**Problem to solve**
Beginning with the line below that contains "Copo de viagem" and ending with the line that contains "A equipe Honda", retype every line exactly. Pictures are not copied.

━━ Exercise inputs ━━

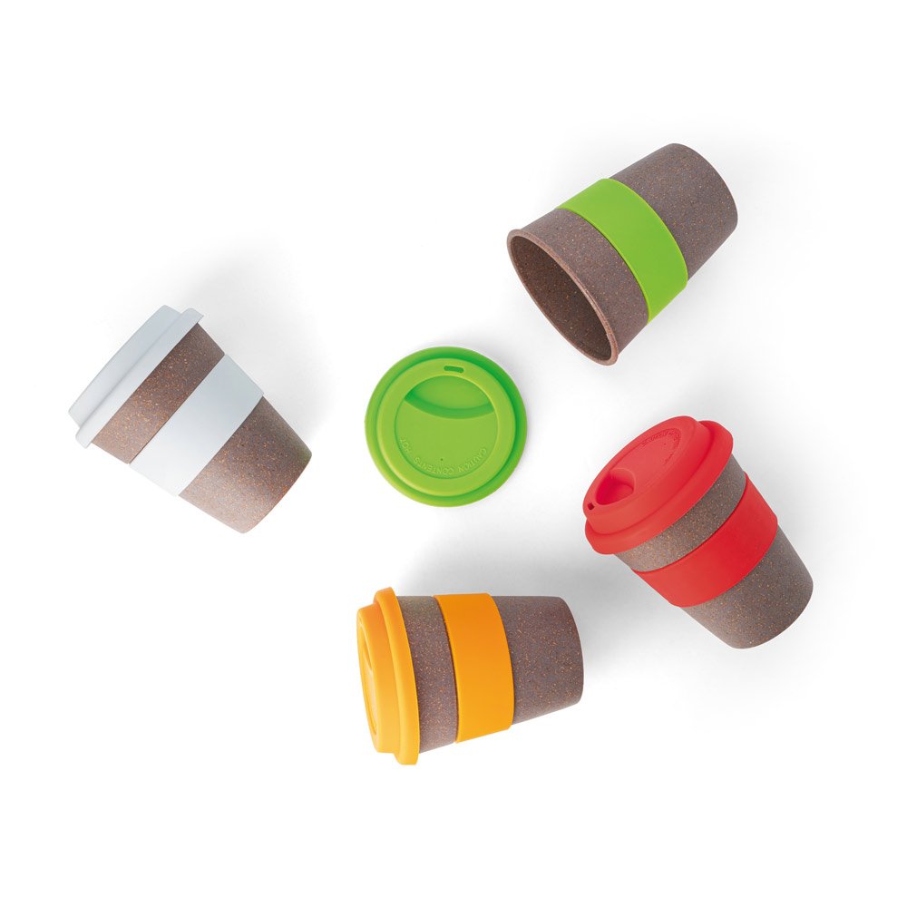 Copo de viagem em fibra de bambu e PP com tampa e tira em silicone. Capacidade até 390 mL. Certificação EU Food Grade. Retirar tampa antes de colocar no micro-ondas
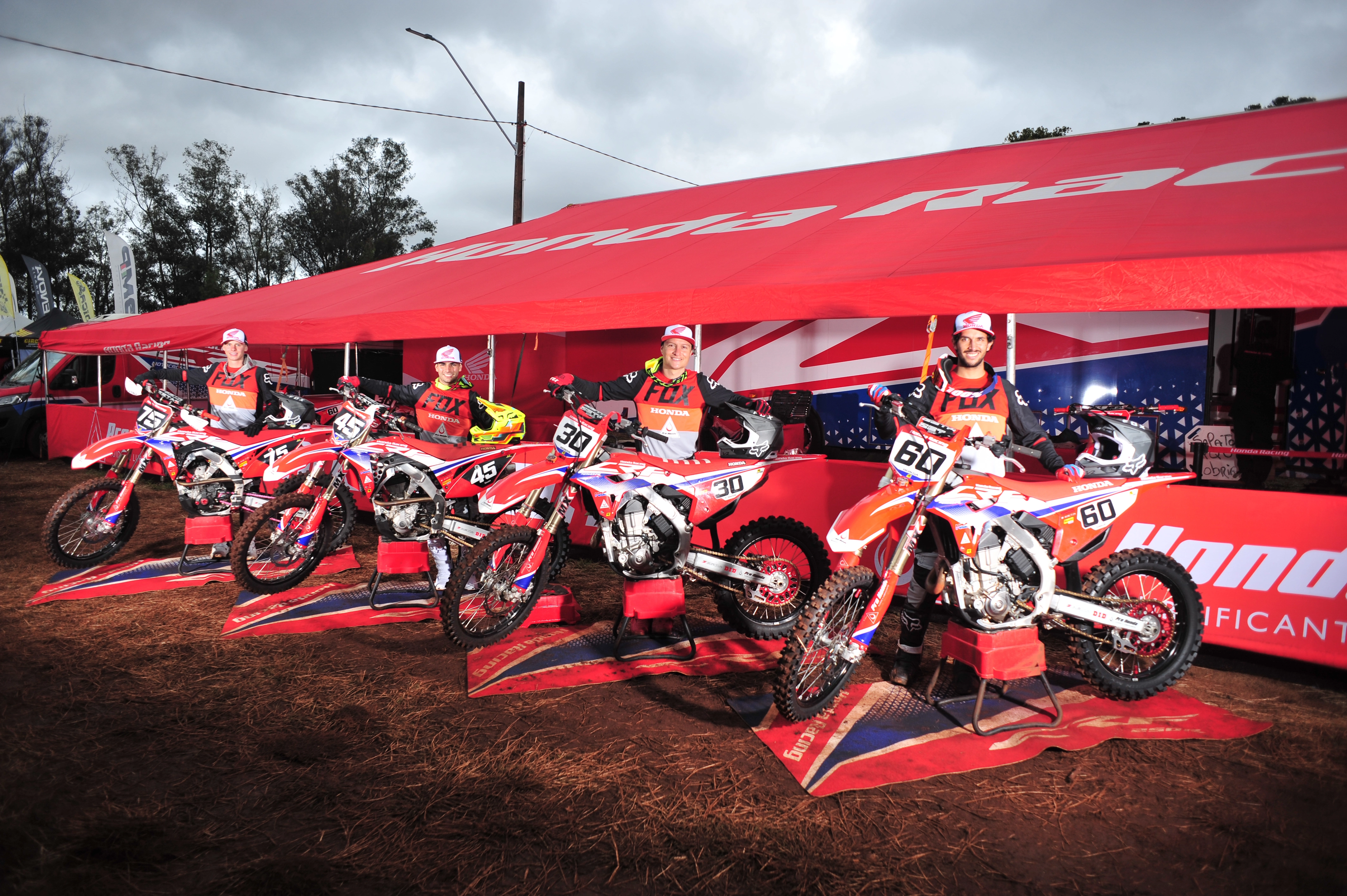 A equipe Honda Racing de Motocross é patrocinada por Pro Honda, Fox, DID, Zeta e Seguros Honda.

━━━
━━ Exercise inputs ━━

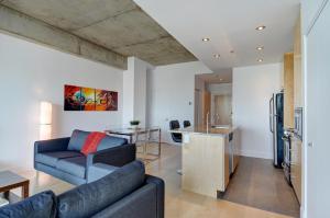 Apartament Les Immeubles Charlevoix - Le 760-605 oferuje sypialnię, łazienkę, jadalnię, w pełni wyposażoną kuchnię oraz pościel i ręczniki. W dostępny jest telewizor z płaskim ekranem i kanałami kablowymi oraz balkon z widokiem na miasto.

━━━
━━ Exercise inputs ━━

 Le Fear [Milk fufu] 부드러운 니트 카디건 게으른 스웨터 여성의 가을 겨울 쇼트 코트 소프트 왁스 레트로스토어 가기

━━━

**Reply**
 Copo de viagem em fibra de bambu e PP com tampa e tira em silicone. Capacidade até 390 mL. Certificação EU Food Grade. Retirar tampa antes de colocar no micro-ondas
 A equipe Honda Racing de Motocross é patrocinada por Pro Honda, Fox, DID, Zeta e Seguros Honda.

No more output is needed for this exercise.